Purpose - The purpose of this paper is to explore the wider societal issues that can impact on the success of a TB programme.
Design/methodology/approach - The paper is a qualitative study of the experiences of people involved in a community-based DOTS programme in Lubombo, Swaziland, involving patients, DOT treatment supporters, clinic nurses and other key informants.
Findings - The paper finds that study participants spontaneously raised two main societal issues, which had major impact on the success of the TB programme: health beliefs and poverty. It is seen that health beliefs can have a major impact on treatment-seeking behaviour and outcomes of TB treatment. Problems related to poverty were of two main types: insufficient funds to attend for review, and lack of food whilst on TB treatment.
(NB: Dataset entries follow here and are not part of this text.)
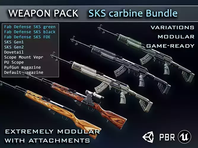 This highly detailed, realistic 3D models of the SKS semi-automatic rifle is perfect for game developers and 3D artists. Created with precision, this asset features PBR textures, ensuring stunning realism and high-quality visuals. Fully rigged and ready for animation, it’s optimized for both Unreal Engine and Unity, making it easy to integrate into your projects. Whether you're working on a first-person shooter, military simulation, or any other game involving firearms, this model will enhance the authenticity of your scenes. With its attention to detail and versatility, the SKS rifle is a must-have asset for your next project.Includes folowing assetss: SKS Gen 1, SKS Gen 2, SKS FAB Defense Black, SKS FAB Defense FDE, SKS FAB Defense GreenAttachments: Dovetail, Scope Mount Vepr, PU scope, PUFGUN magazine, Default magazine
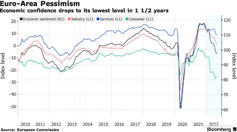 由于能源短缺危及产出,价格飙升抑制需求,欧元区8 月工业和服务业的景气指数下降。尽管8 月消费者信心指数意外从历史低点反弹,但家庭对前景的悲观程度超过了疫情期间。
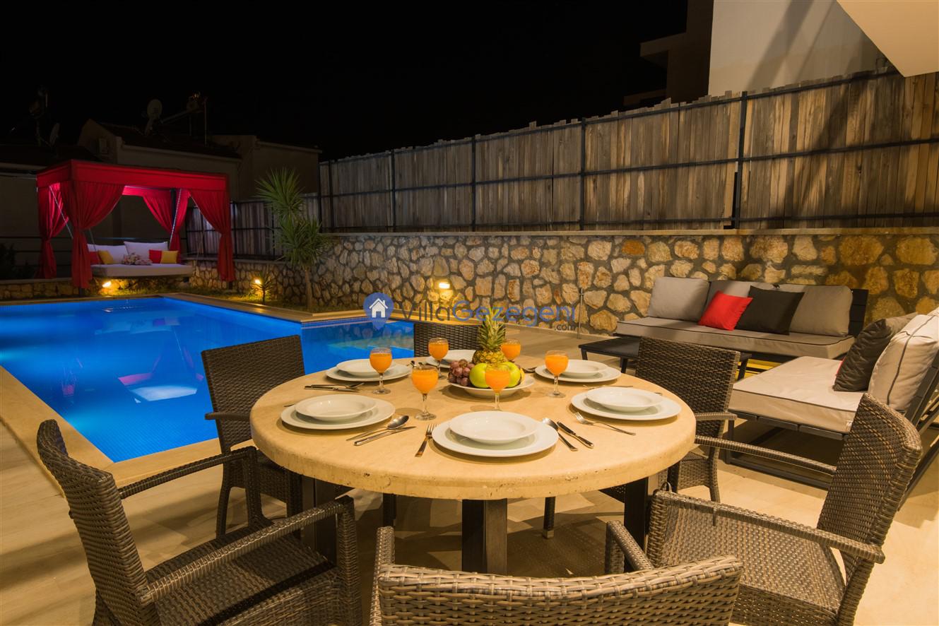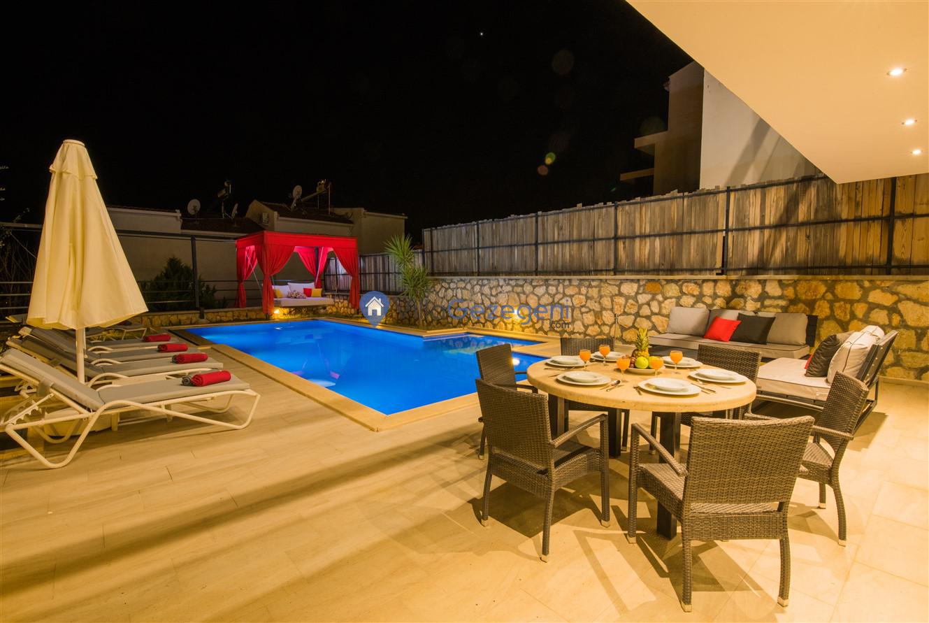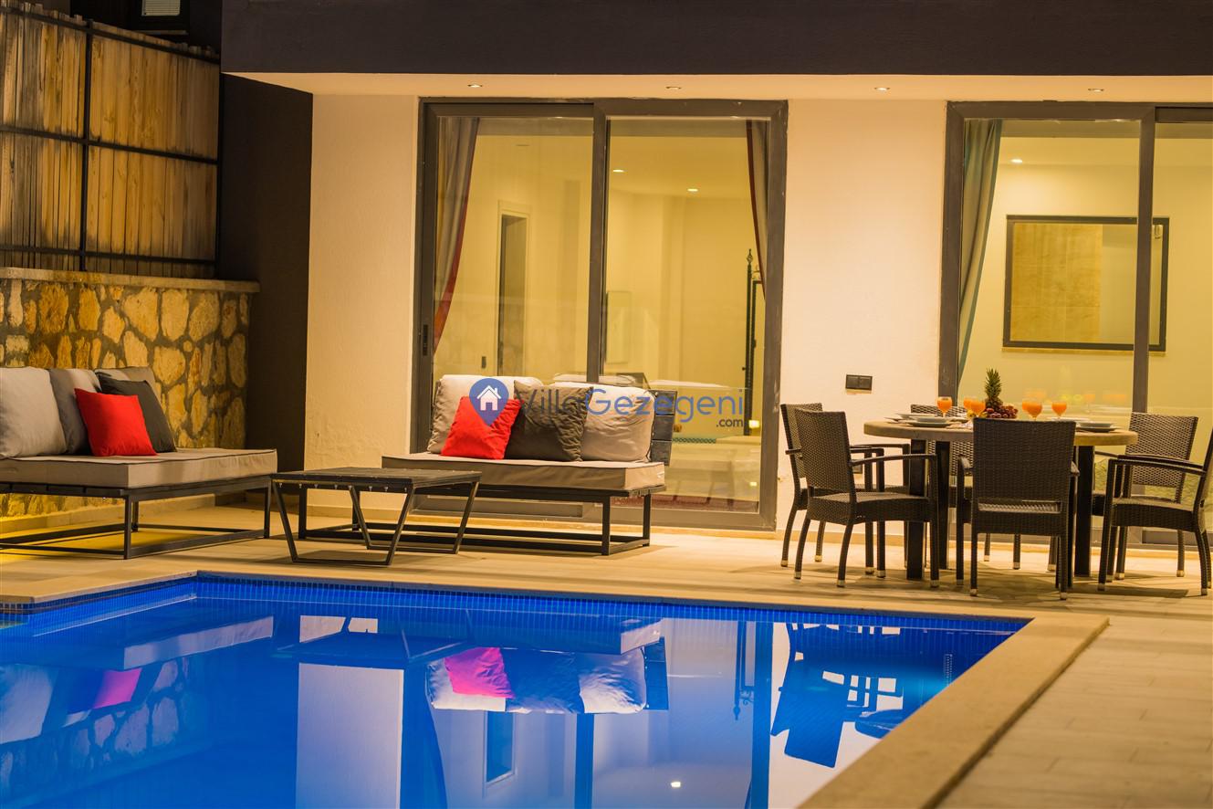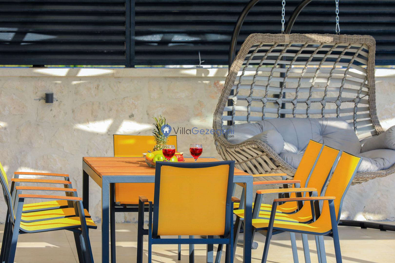 Şezlong, Güneş Şemsiyesi, Mangal, Yemek Masası ve bahçe mobilyaları kullanımınız için hazır bulunmaktadır. Gün batımına karşı unutulmaz bir tatilin kapılarını misafirlerine aralayan villamız modern örnekler arasında son dönemlerde geniş arkadaş grupları veya aileler tarafından her yaz dönemi yoğun olarak rağbet görmeye devam etmektedir.

Originality/value - This paper discusses why these issues, although strictly outside the remit of the health services, are important factors to consider when implementing TB programmes. It suggests further research that may help break the link between TB and poverty (particularly relating to food insecurity) and recommends considering local health beliefs when dealing with individuals and the community. Neither the impact of health beliefs nor the impact of poverty are new ideas, yet these issues tend to be forgotten by quantitative researchers who perhaps understandably focus on issues that may be perceived as being easier to measure. This paper serves to remind one of their importance and to illustrate the value of qualitative research in highlighting them and ensuring that issues that are important to participants are not neglected.
Journal of Health Organisation and Management (2007) 21 (6) 506-518 [doi: 10.1108/14777260710834300]
Don’t forget the bigger picture: The impact of societal issues on a community-based TB programme, Swaziland.